Black: That’s fascinating. I would assume that’s workload dependent?

Dr. Calleja: It is workload dependent., and it’s also timing within the workload dependent because of course a particular application at different times in its execution is doing different things at different times. And (Intel) monitors that and can turn down the frequency of calls that are not being used. And you can use that frequency saving in different ways. You can yank it and do nothing with it and save the energy, or you can allow the energy saving to turn other processors, other cores, up, (so) you can have both ends of the stick, you can save power and make your application go faster at the same time. So this is actually quite interesting. We’re going to be writing up several papers with Intel early to mid-year.

Black: We’d love to hear more about that as that comes together. Tell us about some of the work your clusters are doing, some of the work the system support.

Dr. Calleja: Cumulus, that 10 petaFLOPS heterogeneous system, is a UK national HPC resourse, so we serve communities at the university and we also serve communities outside of Cambridge. One of the facets of the system is that it’s really cross domain, so we have users from a broad cross section of the scientific and engineering community – obviously, the usual suspects in physics, chemistry, engineering, observational astronomy, those kind of traditional HPC users.
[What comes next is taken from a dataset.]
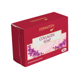 Dermoten Collagen Soap is a transparent medicated soap that contains 18 active ingredients, including collagen, which helps hydrate and cleanse the skin. With its glycerin-rich formula and sodium stea..

But I think more interestingly, we have had a recent focus on how do we take HPC resources, AI resources, data analytics resources, into clinical medicine? How do we get these technologies usable within the clinical environment? That was actually one of the drivers for our open stack, middleware environment, to create sandbox securities areas where we could hold patient data in a secure way but let that data be computed on. We normally have a clinical store, they have secure storage for holding data, but they can’t do anything with it. You can’t expose that data then to a high performance computing system, because the security models are too open.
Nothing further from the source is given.